(The input)
::::

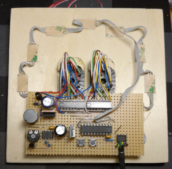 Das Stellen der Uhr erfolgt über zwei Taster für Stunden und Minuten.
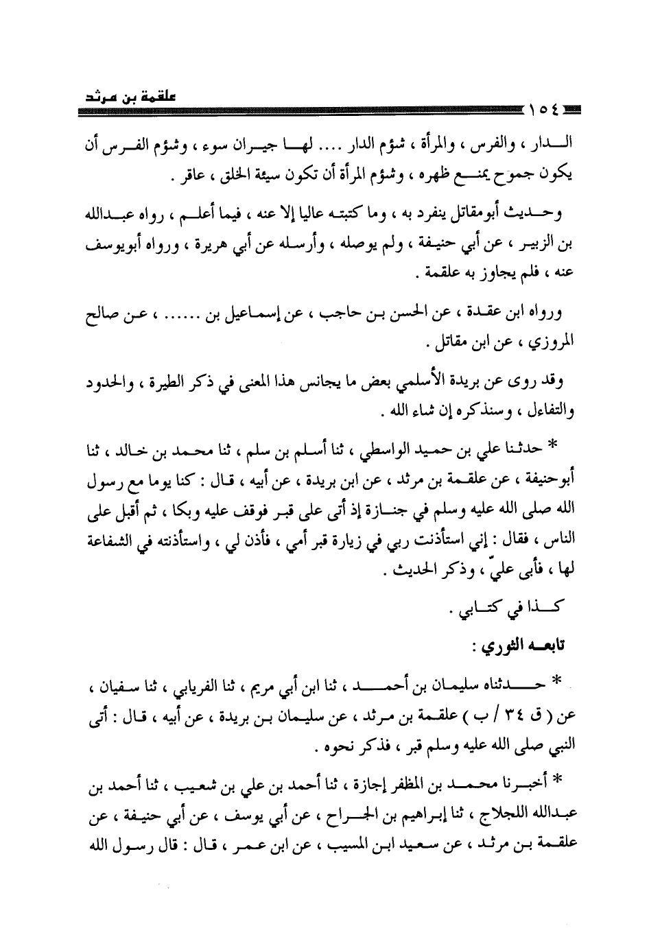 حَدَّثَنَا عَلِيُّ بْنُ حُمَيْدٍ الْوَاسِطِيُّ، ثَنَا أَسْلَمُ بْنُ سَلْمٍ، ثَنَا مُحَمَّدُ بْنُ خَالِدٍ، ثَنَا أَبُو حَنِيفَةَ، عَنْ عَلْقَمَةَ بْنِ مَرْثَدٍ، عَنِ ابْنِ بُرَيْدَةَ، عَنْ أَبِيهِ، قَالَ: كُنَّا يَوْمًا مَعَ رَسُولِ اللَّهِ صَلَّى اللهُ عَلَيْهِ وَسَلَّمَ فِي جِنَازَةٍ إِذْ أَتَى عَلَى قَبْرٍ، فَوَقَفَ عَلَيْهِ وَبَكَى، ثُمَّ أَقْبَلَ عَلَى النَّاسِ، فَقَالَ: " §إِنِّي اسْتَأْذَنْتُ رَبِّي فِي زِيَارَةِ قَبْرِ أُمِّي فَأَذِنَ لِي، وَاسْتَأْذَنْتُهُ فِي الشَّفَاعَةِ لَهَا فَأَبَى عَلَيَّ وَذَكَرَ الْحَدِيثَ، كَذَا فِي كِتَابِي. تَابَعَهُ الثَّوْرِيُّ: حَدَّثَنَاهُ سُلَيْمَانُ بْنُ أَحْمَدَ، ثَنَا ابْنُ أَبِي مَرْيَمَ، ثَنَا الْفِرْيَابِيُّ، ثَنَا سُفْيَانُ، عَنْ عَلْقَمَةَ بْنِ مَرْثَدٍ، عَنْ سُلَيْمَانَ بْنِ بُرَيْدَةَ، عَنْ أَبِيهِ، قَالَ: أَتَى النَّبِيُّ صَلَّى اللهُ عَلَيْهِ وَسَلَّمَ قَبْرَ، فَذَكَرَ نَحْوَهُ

::::

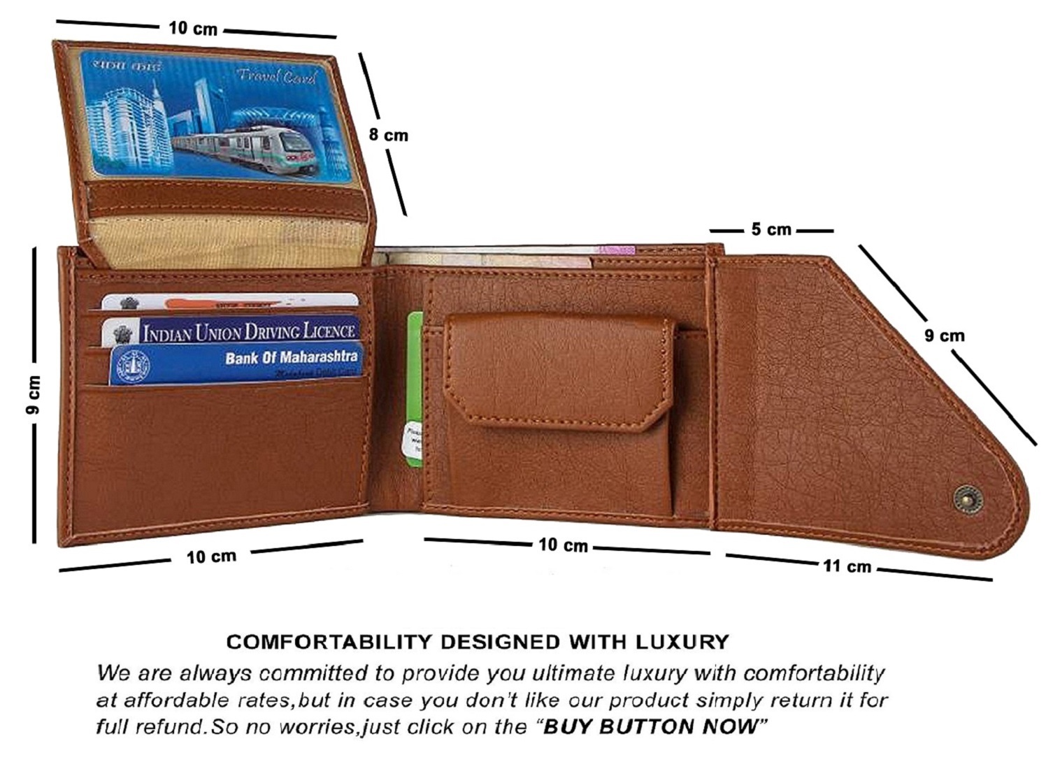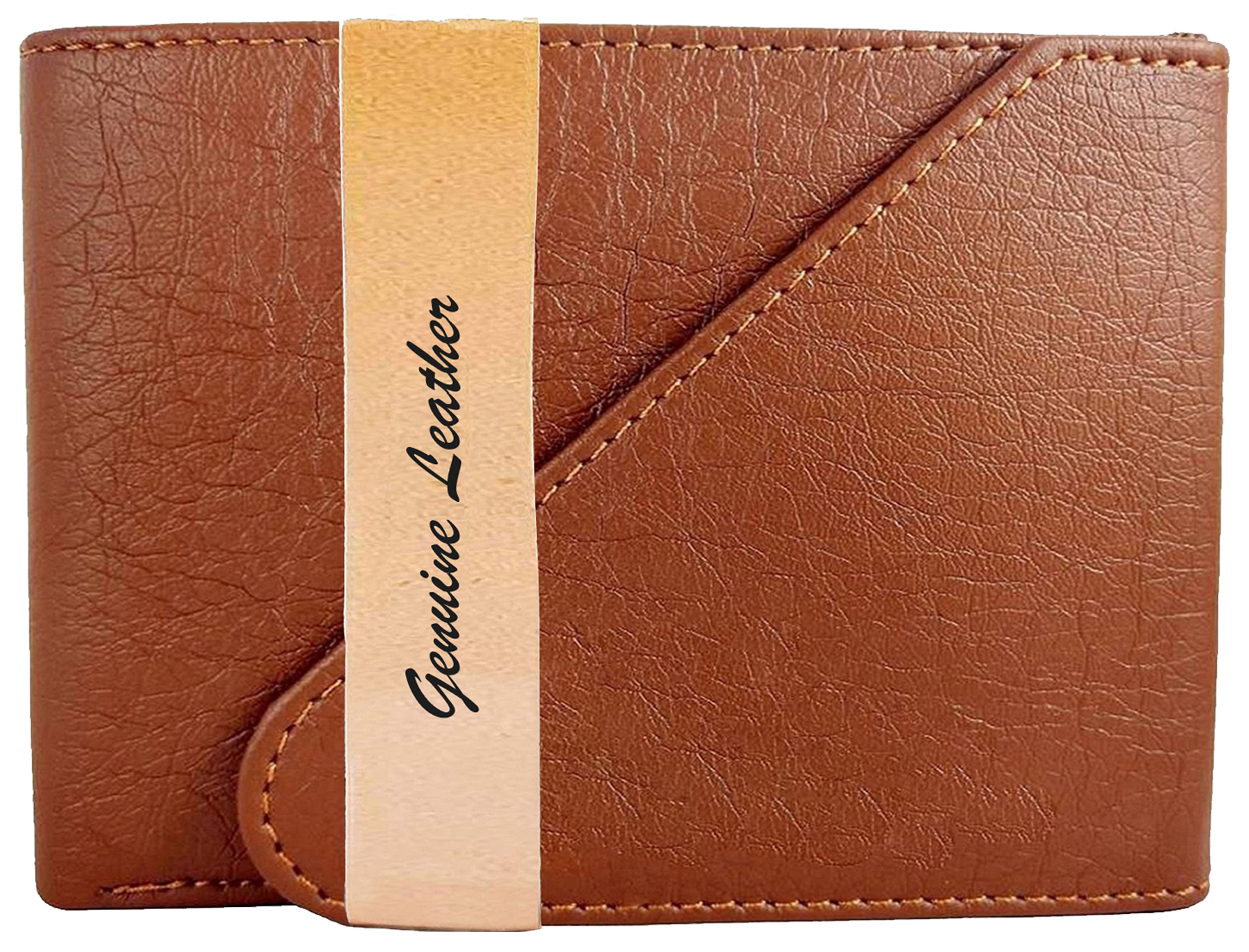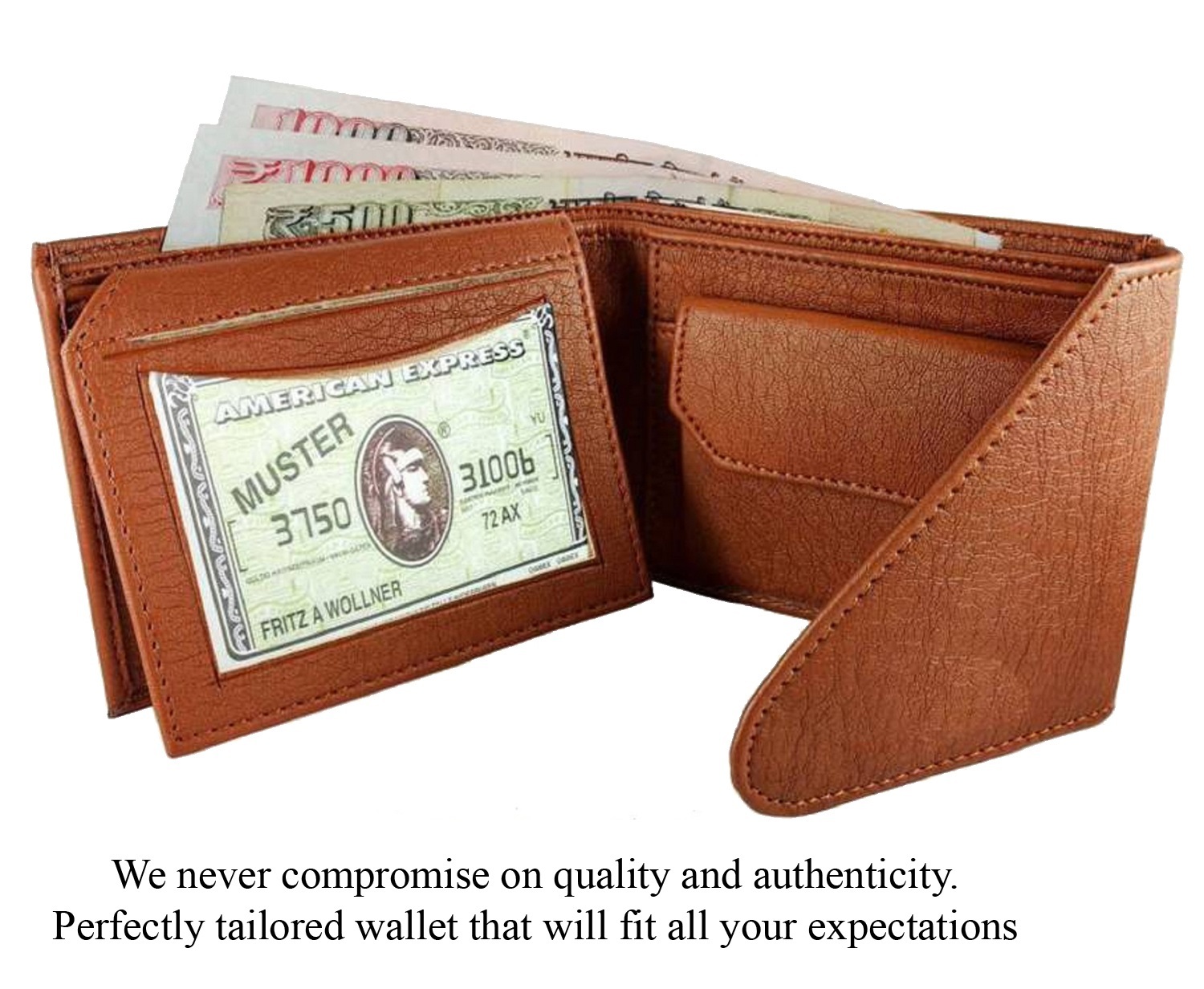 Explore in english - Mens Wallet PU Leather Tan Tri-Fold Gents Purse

::::

(What is being asked) Starting with the line above that holds "Das Stellen der", restate each line word for word up to and including the line that holds "حَدَّثَنَا عَلِيُّ بْنُ". Drop the pictures.

(Output of the exercise)
 Das Stellen der Uhr erfolgt über zwei Taster für Stunden und Minuten.
 حَدَّثَنَا عَلِيُّ بْنُ حُمَيْدٍ الْوَاسِطِيُّ، ثَنَا أَسْلَمُ بْنُ سَلْمٍ، ثَنَا مُحَمَّدُ بْنُ خَالِدٍ، ثَنَا أَبُو حَنِيفَةَ، عَنْ عَلْقَمَةَ بْنِ مَرْثَدٍ، عَنِ ابْنِ بُرَيْدَةَ، عَنْ أَبِيهِ، قَالَ: كُنَّا يَوْمًا مَعَ رَسُولِ اللَّهِ صَلَّى اللهُ عَلَيْهِ وَسَلَّمَ فِي جِنَازَةٍ إِذْ أَتَى عَلَى قَبْرٍ، فَوَقَفَ عَلَيْهِ وَبَكَى، ثُمَّ أَقْبَلَ عَلَى النَّاسِ، فَقَالَ: " §إِنِّي اسْتَأْذَنْتُ رَبِّي فِي زِيَارَةِ قَبْرِ أُمِّي فَأَذِنَ لِي، وَاسْتَأْذَنْتُهُ فِي الشَّفَاعَةِ لَهَا فَأَبَى عَلَيَّ وَذَكَرَ الْحَدِيثَ، كَذَا فِي كِتَابِي. تَابَعَهُ الثَّوْرِيُّ: حَدَّثَنَاهُ سُلَيْمَانُ بْنُ أَحْمَدَ، ثَنَا ابْنُ أَبِي مَرْيَمَ، ثَنَا الْفِرْيَابِيُّ، ثَنَا سُفْيَانُ، عَنْ عَلْقَمَةَ بْنِ مَرْثَدٍ، عَنْ سُلَيْمَانَ بْنِ بُرَيْدَةَ، عَنْ أَبِيهِ، قَالَ: أَتَى النَّبِيُّ صَلَّى اللهُ عَلَيْهِ وَسَلَّمَ قَبْرَ، فَذَكَرَ نَحْوَهُ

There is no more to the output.